Central to the point of DDD and the trend toward Domain Model is the question, why would you separate your model from it’s implementation? There simply is no need for the separation when you’re doing OO the right way; the model is the code is the model is the code…

Increasing Returns

Becoming proficient with OO is a big investment. It’s a change in mindset that comes with a learning curve, and flattening this curves takes plenty of time, effort, and practice. It’s a change in mindset that requires a constant commitment to learning.

As an investment, consider OO an annuity, and more of a permanent life insurance than a trust fund. That’s to say you’ve got to put work in to get benefit out. There’s a lot of reading you need to do and a lot of decisions and mistakes you’ll need to make before you develop a trusty toolbox of strategy and tactics. 

Infrastructure technologies come and go. Even large scale shifts in our tool approaches such as functional programming and external DSLs work perfectly well (or at all) when an OO lens is applied.

There is no other development paradigm (I’m aware of) has either the level of utility and nigh-universal applicability or the vast body of knowledge behind it: Agile Methods, Refactoring, TDD, DDD, Patterns, Pattern Languages - all “pluggable knowledge” into the OO mindset. OO techniques and practices form a fabric and amplify each other, they evolve.

5 Comments

  1. Posted March 25, 2007 at 11:51 am | Permalink

    Damn. You hit the nail right on the head. A while back when I worked for “the big insurance company in town”, I ran into the same “structured procedural” programming (I guess that’s what happens when you take a ton of COBOL developers and put them through a 1 hour Java tutorial…)

    But if you recall our conversation about how it takes at leat 7 “classes” to map your domain entities, your statement holds true. It’s sad that people shy away from it due to it’s “complexity”…which I think it’s not really that the problem is “complex”, but rather that they’re lazy.

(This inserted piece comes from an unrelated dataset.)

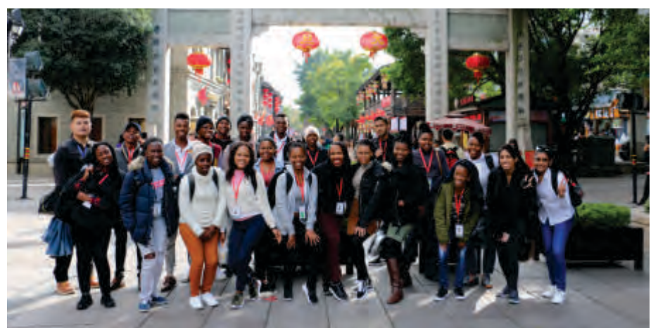
Pictured: Students at the Fourth Session of the Chinese Bridge Winter Camp in China, successfully held in FAFU.

From 23 December 2017 to 11 January, 2018, the Fourth Session of the Chinese Bridge Winter Camp in China of the DUT CI was successfully held in FAFU. There were 22 young students from South Africa (18 from DUT and four from PAX College) were invited to join this programme. During the visit in Fujian, the campers underwent a 16-day camp, learning the profound Chinese culture, experiencing the rapid development of China, enjoying the wonderful scenery of the mountains and
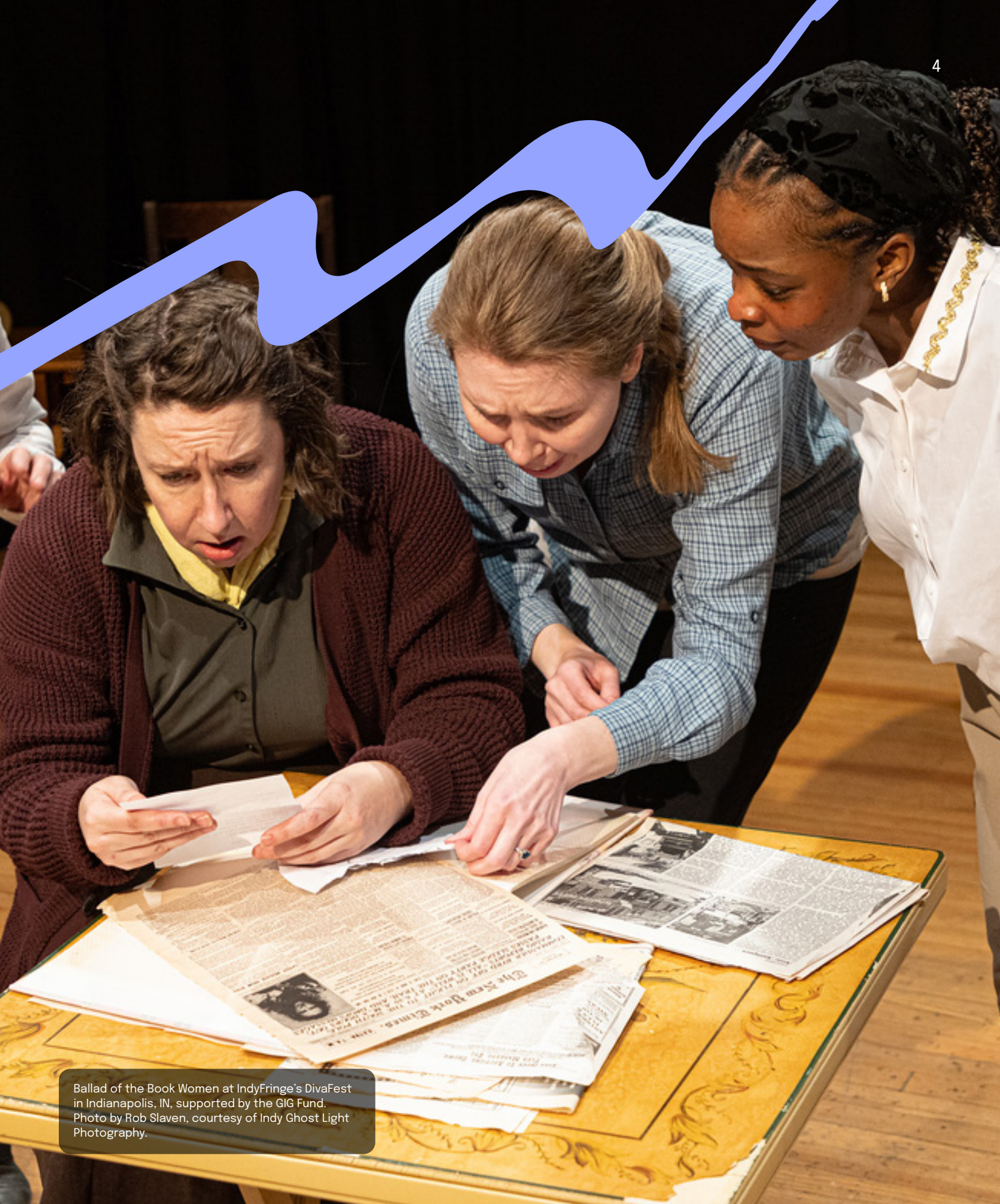
Ballad of the Book Women at IndyFringe's DivaFest in Indianapolis, IN, supported by the GIG Fund.

    A while back, I ran into this blog post by Harry Pierson: http://blogs.msdn.com/devhawk/archive/2005/10/05/477529.aspx

    You should check it out.

  2. Dave
    Posted March 26, 2007 at 9:05 am | Permalink

    Hey Javier. Thanks for the tip, I’ll check it out.

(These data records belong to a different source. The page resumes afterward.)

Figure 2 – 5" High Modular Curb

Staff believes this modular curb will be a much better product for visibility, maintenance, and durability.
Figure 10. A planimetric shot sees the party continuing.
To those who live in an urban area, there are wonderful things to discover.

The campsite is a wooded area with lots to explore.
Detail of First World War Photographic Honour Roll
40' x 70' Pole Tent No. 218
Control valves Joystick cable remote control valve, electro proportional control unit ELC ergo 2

    I wouldn’t necessarily say lazy (though there is that problem out there.) I’d be more inclined to point a finger toward lack of knowledge or a tendency to look for the “silver bullet” with all of this new knowledge you’ve accumulated without realizing you’ve got a ways to go.

    (Cough, CSLA, cough.)

    I think the best thing a team using OO can have is a veteran. I think the same is true for a team making a foray into Agile.

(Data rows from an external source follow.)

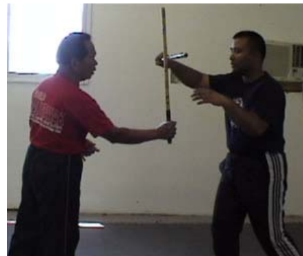
Grandmaster Atillo defend's the strike.
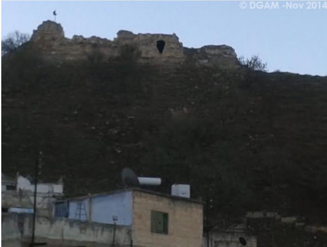
View of Harim Castle from the modern town of the same name (DGAM).
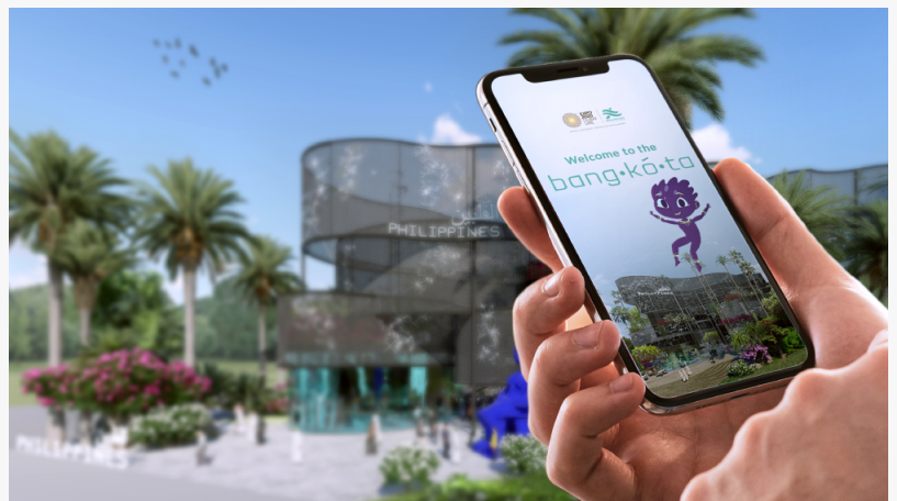
The 'Mobile Visitor Journey' app created by BBDO Guerrero, with Ube Boy as its virtual tour guide

The app is available for download on the App Store and Google Play. The app features a virtual tour guide, Ube Boy, who provides information about various Philippine destinations and attractions. The app is designed to be user-friendly and engaging, with a focus on providing accurate and up-to-date information. The app is a key component of PTA's digital marketing strategy to attract international tourists and promote Philippine tourism.
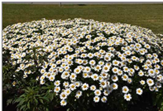
Becky Shasta Daisy in bloom
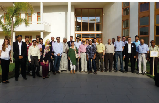
Conference participants after the solar thermal energy demo plant at SEKEM's main farm.

Egypt's solar energy potential, emphasizing the need for establishing a culture of quality in education and research in Egypt.
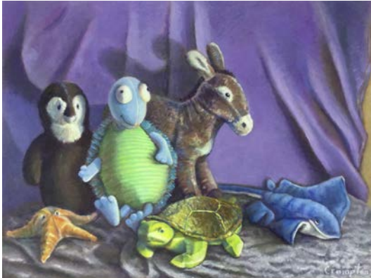
2021-OIL6 Donkey and Tortoise (purple)

CATALOG NO. TITLE DATE APPROX H X W X D MEDIA LIST PRICE SALE PRICE*
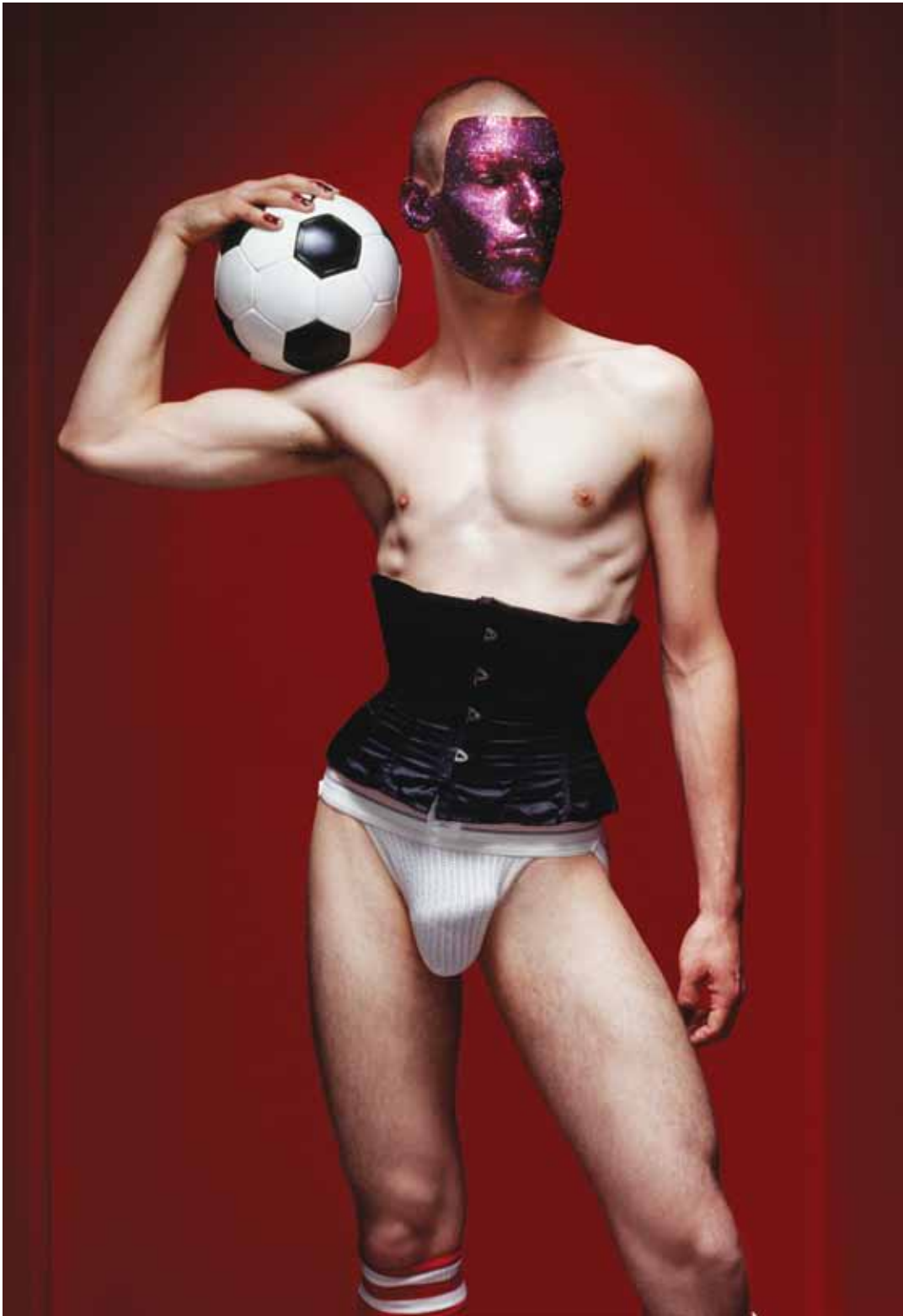
Erwin Olaf, Rouge, Player 1 , 2005. Courtesy of Erwin Olaf Studio.

“Kitsch is anti-essentialist and deeply democratic. It is not a stored-up cultural capital that feeds off its ancestry or intellectual depth, but rather a free radical that ignites both what is valued and what is discarded. It is precisely this equalizing talent that makes kitsch so hard to accept.” Jennifer Gilmore (USA, based in New York), novelist and author of Something Red and The Mothers , reminds us that “Greenberg himself came to reject his own notion of kitsch,” and while “looking at kitsch in the literary world, one of the primary concerns of Greenberg’s piece, it makes itself known in a variety of ways. We see it through irony, for example. It signals the reader with a wink, always aware of itself as in some of the novels by Philip Roth, Umberto Eco and Salman Rushdie.” We can come
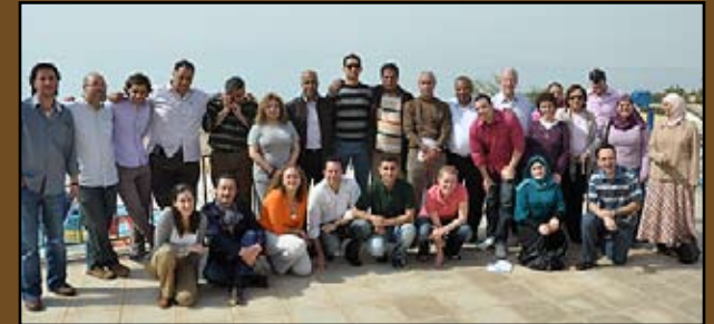
Our first class of Arab World Social Innovators consisted of 22 exceptional leaders from Egypt, Jordan, Lebanon, Palestine, and Morocco.

A closing evaluation showed that the Innovators increased their organizational capacity, are serving more beneficiaries, and have expanded their initiatives or launched new ones. The positive impact of the program has prompted Synergos to launch a second round, for 15 new Arab World Social Innovators, and to explore other approaches to fostering social innovation in the coming years, including a more extensive country-level program in Egypt.
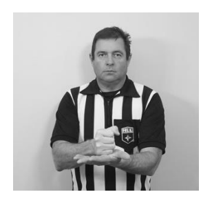
Intentional Dead Ball Contact

  3. Posted March 26, 2007 at 3:30 pm | Permalink

    hear, hear!

    CSLA…hmm…what are your thoughts on that?

  4. Dave
    Posted March 27, 2007 at 10:03 pm | Permalink

    My opinion (humbly) about CSLA: I’m opposed to the idea of Mobile Objects. I don’t like the false sense of reuse it gives you. Accessing or hydrating an object locally or remotely can be quite a significant difference you might not want to make implicit. You are likely to still end up with differing local/remote use cases. The industry is trending toward services where you’re dealing w/ messages in and out. I like the notion of “the endpoint is the application.”

    That said, it’s a pretty complete default architecture and those are few and far between. So, for me, it was worth study and evaluation. It probably works great in a client-server-esque, single application scenario.

    I am not opposed to a “Governing Metadata Layer” for entities. That is, a layer that will generate entity representations for different purposes: Bindable Client Object, DTOs for Aggregation, DDD-style Entity, JSON arrays, restful XML, etc.

    More on that later :)

  5. Posted April 8, 2007 at 11:55 pm | Permalink

    Once you feel you’ve mastered OO, go pick up a copy of Analysis Patterns by Fowler, and be prepared to take another step backwards from what you *thought* you knew. The learning curve gets bigger and bigger the more you read, but it is turning out to be quite rewarding. Fowler’s book on Object Oriented Analysis Patterns inside the domain model is quite a cool read.